Come Back
By Sky Gilbert
With Come Back playwright, author, and “drag queen extraordinaire” Sky Gilbert rounds off what may be thought of as a trilogy of novels concerned with literary celebrity, only this time with an SF twist. After An English Gentleman (which dealt with J. M. Barrie) and Brother Dumb (J. D. Salinger) we now get a 138-year-old Judy Garland coming to us from the year 2050, where she is writing a thesis at the University of Toronto on a semi-famous gay Canadian playwright named Dash King.
King and Garland are obviously alter egos for Gilbert himself, as well as for each other. What they share is a sense of being out of step with their time. For King, our contemporary, this primarily means being a gay writer and aspiring academic in an age that is post-gay and post-theory (the two are linked). For Garland it means being an archaic and decaying physical presence in a post-gender, post-body, post-reality world.
Any account of the future is an allegory of the present, and the parallel between King and Garland only brings this into sharper focus.
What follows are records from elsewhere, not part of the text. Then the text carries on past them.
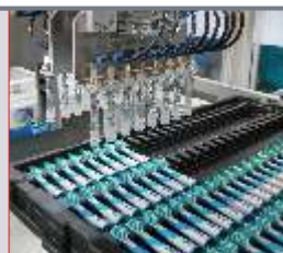
8-fach Greifsystem zur Traybeladung mit Zahnbürstenköpfen
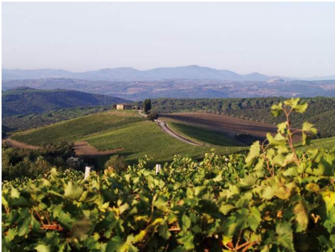
Rosewood Castiglion del Bosco
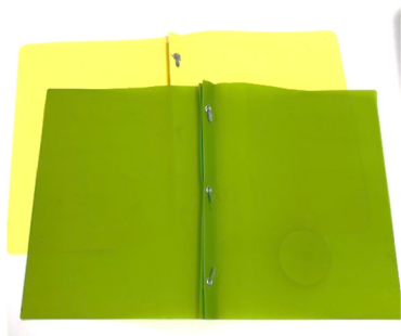
2 duo-tang sans pochette
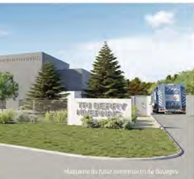
Maquette du futur centre de tri de Bourges
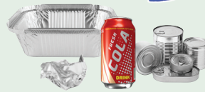
Malinis na aluminum at mga latang metal
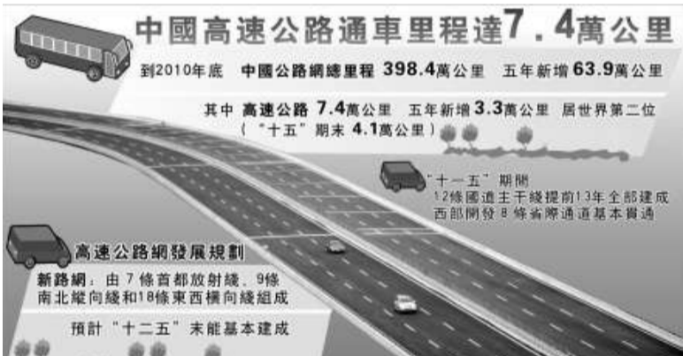
中國高速公路通車里程達7.4萬公里
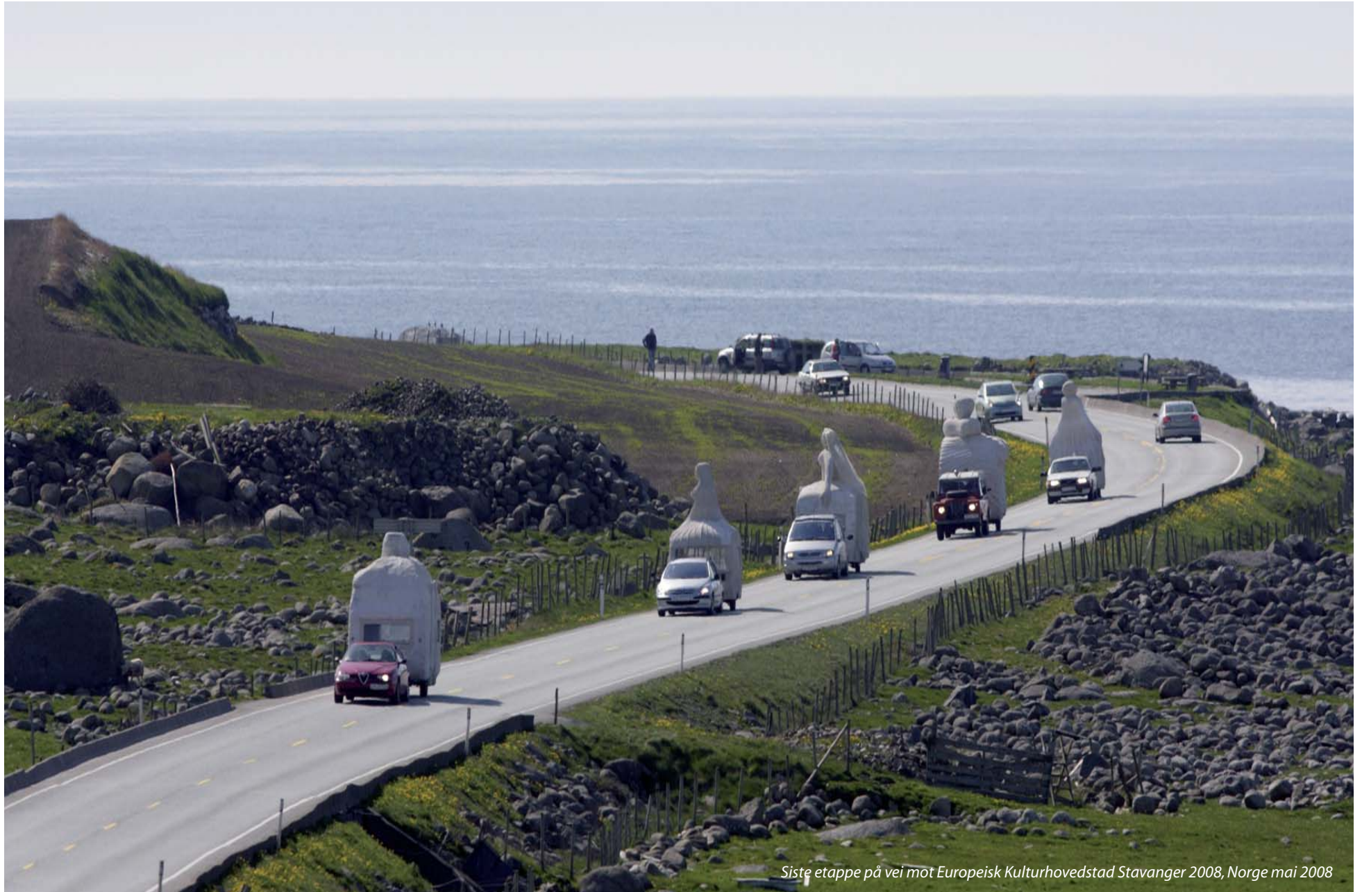
Siste etappe på vei mot Europeisk Kulturhovedstad Stavanger 2008, Norge mai 2008
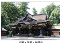
拝殿・幣殿・神饌所

下総国の一宮といわれ古くより尊崇を集める香取神宮では、御田植え祭などの年中祭典・神事その他、12年に一度式年神幸祭が行われる。
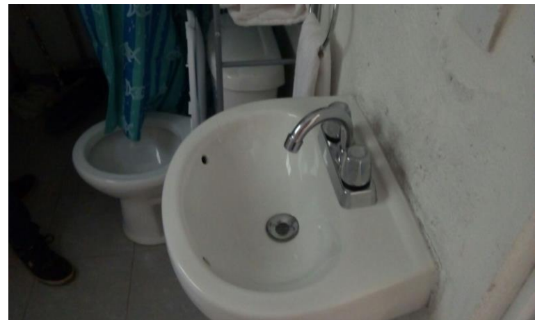
COLOCACIÓN MUEBLES DE BAÑO
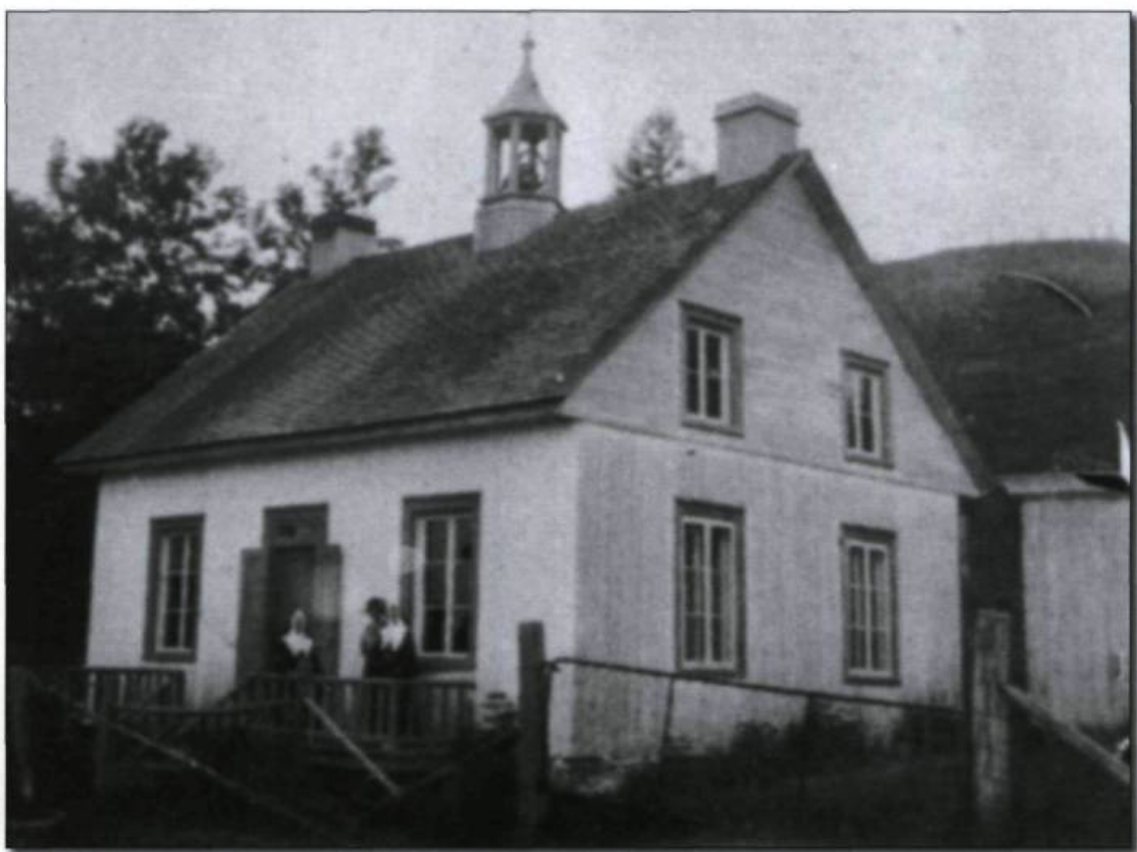
Petite école du Bas-de-Sainte-Anne (Sainte-Anne-de-la-Pérade), vers 1905. (Vénérande Douville-Veillet. Souvenirs d'une institutrice de petite école de rang . Trois-Rivières, Les Éditions du Bien Public, 1973).

Ces privilèges ne changeaient pas vraiment la nature du réseau scolaire. Ce qui permit véritablement à l'Église catholique de dominer le réseau scolaire catholique, dans le dernier tiers du XIX e siècle, ce fut un changement d'attitude de la population en général. Le milieu de ce siècle fut le témoin d'un «réveil» religieux, pas seulement dans la vallée du Saint-Laurent, mais aussi dans l'Amérique de langue anglaise et en Europe. Ici, de grandes prédications étaient menées par de véritables vedettes. Le meilleur exemple en est l'abbé Charles Chiniquy. Il fut au centre d'une grande campagne qui amena une proportion considérable de Canadiens à joindre une société de tempérance. M re Ignace Bourget, à Montréal, multipliait les créations de congrégations religieuses féminines, alors qu'on amenait de France les communautés d'hommes. Elles étaient nombreuses à œuvrer en éducation. Signalons seulement parmi les dernières les Frères des écoles chrétiennes et les jésuites, chassés de Nouvelle-France au moment de la Conquête.
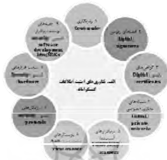
شکل شماره (۱): فناوری‌های امنیت اطلاعات کنش‌گرایانه
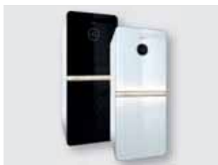
72 Sistemi integrati
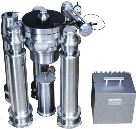
수입원 : 오디오갤러리 (02)926-9084 · 가격 : 6,800만원

이는 철재 새시에 완벽하게 아이솔레이션시킨 구조적인 특징이 큰 몫을 하는 것 같다. 장착된 톤암은 리니어 트랙킹 방식이다. 컴프레서에 의해 톤암이 부양된 상태에서 작동하는 구조인데 이 경우 톤암 레일을 따라 이동 시 저항을 최소화시킬 수 있는 형태로 일부 메이커들도 도입하고 있는 구조이다. 압파이프 재질은 카본의 채용하여 각종 공진에 강하며 낮은 질량으로 인해 리니어 트랙킹 방식에 적합하다.
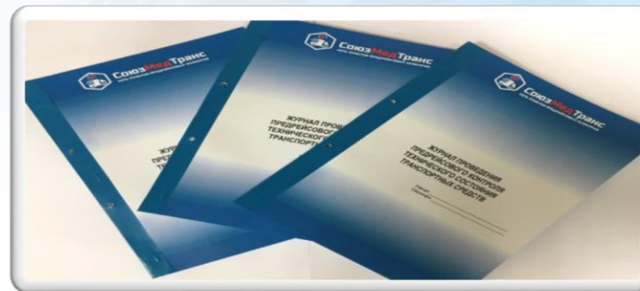
Внесение записи в журнал предрейсового технического контроля
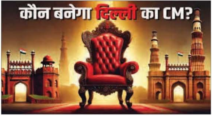
सीएम की रेस में ये नाम शामिल दिल्ली में सीएम बनने की रेस में सबसे आगे प्रवेश वर्मा का नाम है। उन्होंने नई दिल्ली सीट पर आप प्रमुख और पूर्व सीएम अरविंद केजरीवाल को हराया है, इस कारण उनका नाम सबसे आगे चल रहा है। वहीं दूसरा नाम अशीष सूद का है। जो कि दिल्ली भाजपा के महासचिव और जयपुर विधायक बने

नई दिल्ली (एजेंसी)। दिल्ली के नए मुख्यमंत्री के शपथ ग्रहण समारोह की तारीख घोषित कर दी गई है। शपथ ग्रहण समारोह 20 फरवरी को शाम 4.30 बजे रामलीला मैदान में आयोजित होगा। इस मौके पर करीब 30 हजार कुर्सियां लगाई जाएंगी। शपथ ग्रहण के लिए 3 मंच बनाए जाएंगे, जिसमें एक बड़ा मंच (40 बाई 24 का) और दो छोटे मंच भी तैयार किए जा रहे हैं। मंच पर करीब 100-150 कुर्सियां रखी जाएंगी।
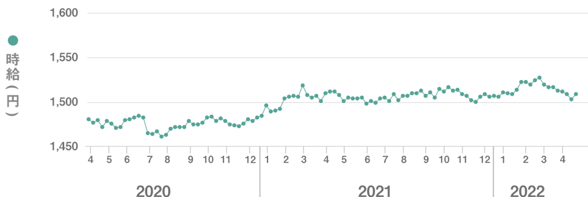
【図1】 全国平均時給 直近25か月の推移

■4月度の全国派遣求人数は309,321件（前月比-45,386件、前年同月比+106,491件）で前月から12.8%減少、前年同月から52.5%増加した。【図2】
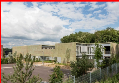
L'enveloppe de béton, travaillée à la manière d'un paysage, se soulève par endroits pour dévoiler sans révéler.

Loin de toute recherche d'abstraction, il souhaitait mettre à nu son essence, son épaisseur, sa composition et créer un paysage dans le paysage, qui confère à cette enveloppe une préhistoire, un vécu, un ensemble de traces dont l'interprétation fluctue en fonction de chacun, à l'instar d'une toile.
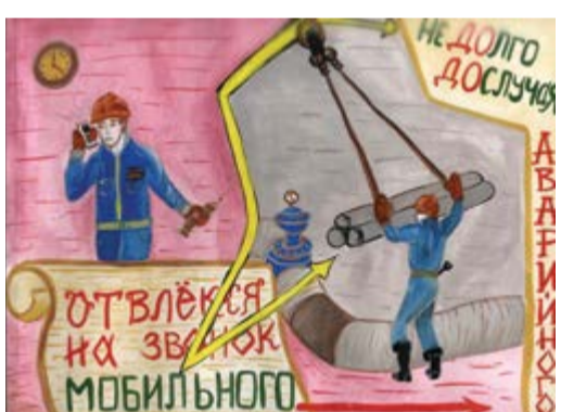
3 место – Двойченко Даниил, 15 лет
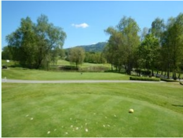
Loch 9 (Par 3, 149m) über den Teich

Zufahrtsstraße. Loch 9 (Par 3, 149m) führt über einen wunderschönen, von Baumgruppen eingerahmten Teich auf ein Doppelgrün (Grün 9 und Grün 18) das durch einen singulären Baum am hinteren Teichrand und einem Sandbunker getrennt ist. Bitte am Abschlag von Tee 9 um Vorsicht damit Sie bei ungenauen Teeshots keine Personen am 18er Grün gefährden!
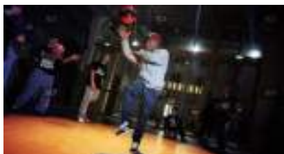
Basket Freestyle : le jeu de ballon qui se démarque!
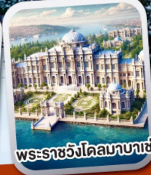
พระรลชวังคึลบบมบาชึ
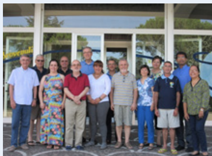
Roma: Comissão Internacional do MChFM
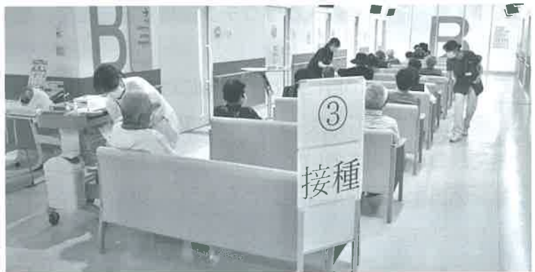
病院でのワクチン接種(5月29日撮影)

当初は平日午後のみと考えていたのですが、希望者が多いことや付き添いの方の便も考えて土曜日にも行うことにしました。最盛期には週に490人に接種予定です。6月になれば市の集団接種も始まります。市内医院などの接種も本格的になると思いますので、ワクチン普及は一層早まるでしょう。ろうさい病院も全力を挙げて取り組んでいます。

If King is, as Garland puts it, “a metaphor for the decline of an entire era,” then so is she. The world of 2050 may be dominated by a Modern Ottoman Empire and under sharia law, but none of that really matters because everyone is living in an apolitical virtual world of their own anyway. It is this enervated, post-everything withdrawal from life that King, Garland, and Gilbert rage against in a crackling psychosexual satire that sounds an alarm about the way we live now.